Я пришла в себя возле разгорающегося костра, сидя на бревне. Солнце уже совсем зашло, и на небе высыпали звезды, здесь их куда больше чем в городе. Вокруг меня ходили, говорили, спорили и ругались какие-то люди, или не совсем люди? Уж очень странного вида были некоторые существа, что подкладывали в костер дрова, сколачивали длинные лавки и накрывали на стол.

Прямо рядом со мной стояли трое. Две знакомые мне девушки-близняшки, и как они босиком ходят? Холодно же еще… И маленькая, мерзкого вида, лохматая и грязная старушенция. Она размахивала руками и клюкой, и, брызгая слюной, кричала на девчонок визгливым голосом. Я сидела и заворожено смотрела на это представление.

— Да зачем вы ее сюда притащили?! Кто за нее голосовать будет?! Вам что, плохо при Батьке живется?! Да кто вы вообще такие, чтобы в политику вмешиваться?! Да я вас… сопливые еще! Я сейчас с ней разберусь… И так далее, и все в том же духе…. Вот разоралась-то, аж в ушах звенит, но девочки стояли твердо плечом к плечу, и ко мне старуху не подпускали. Но жертва пенсионной реформы проявила редкостный напор, и девочки постепенно, по чуть-чуть отступали. Когда мне показалось, что девочки не выдержат и сбегут, между ними и старой каргой, словно из воздуха или вечернего тумана соткался огромный длинноволосый мужик, замотанный в рыболовную сеть, как Цезарь в тогу.

— Ты что тут, вобла сушеная, моими девочками распоряжаться вздумала? Это я их послал новую ведунью встретить.
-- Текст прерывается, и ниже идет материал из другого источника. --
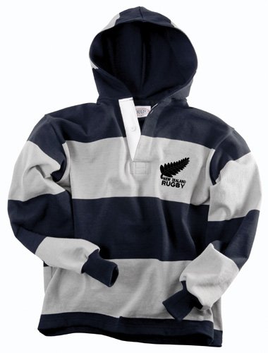 Combine the Hoodie look with the Rugby feel and you get the ultimate in style and comfort! This New Zealand Hooded Replica jersey has Barbarian 6" gray and black hoops. Embroidered with traditional team logo on left chest. Hooded. Long Sleeve. 100% Cotton. Made in North America. Available in sizes S-3X. Add for 2XL, .50 for 3XL. Don't be afraid to order up a size to get an extra loose fit.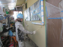先日破風・鼻隠し等の錆び止めが完了し本日の作業は中塗り。塗装しているのはSK化研クリンマイルドシリコン3部艶有り。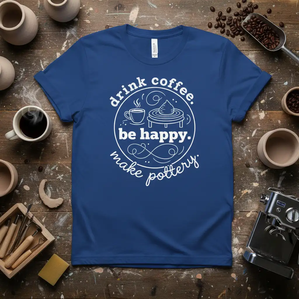 Pick from Black, Navy, Royal, Dark Heather, Red, and White to match your mood and wardrobe staples. Each colorway keeps the drink coffee. be happy. make pottery. design clear and photo-ready for everyday wear.
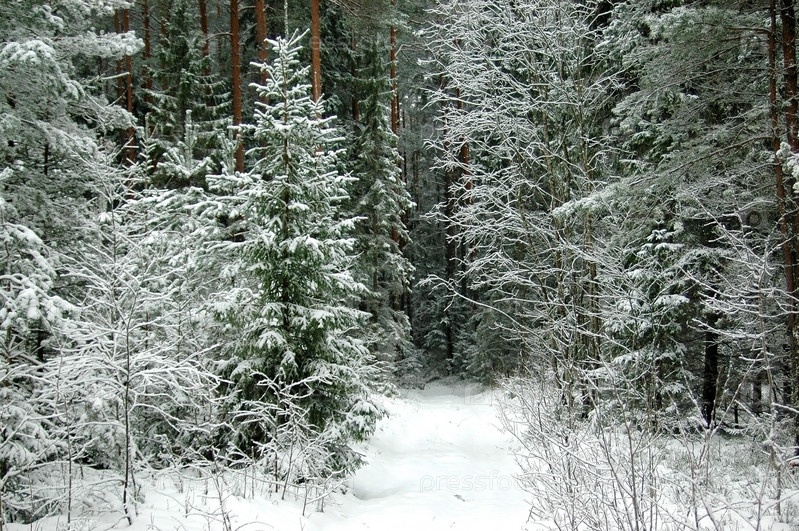 Зимний хвойный лес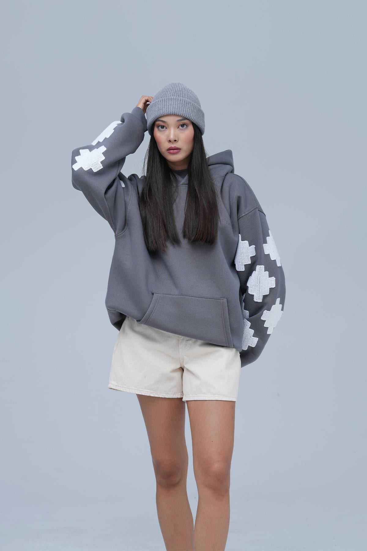 Şardonlu Üç İplik Kumaştan Üretilmiştir. Nakış Detaylıdır. Kanguru cepli oversize kalıp kapüşonlu hoodie. Kumaş İçeriği: %75 Pamuk %25 Polyester

Ей давно пора в права наследования вступать, а то развели здесь демократию, понимаешь… — Весь боевой запал у старушенции сразу прошел, она как-то вся сжалась, усохла, стала меньше ростом. Ее торчащие во все стороны седые патлы обвисли, и она как-то сразу поблекла.

— Да я что… я ничего. Я ж не знала, что это вы батюшка Водяной[3], велели ее сюда привезти. Я ж думала, что они сами тут самодеятельность устроили. Так я пойду?

— Иди уж… — Он величественно махнул рукой, и старушка словно растаяла в воздухе. — Ишь-ты как… Батьке побежала докладывать… Мужик повернулся ко мне. Колоритнейшая, я вам скажу, личность. Длинные, волнистые как струи водопада волосы, бородища до пупа, а усы! Никогда таких не видела, заботливо заплетенные в косицы, свисающие почти до пояса. Одет только странно…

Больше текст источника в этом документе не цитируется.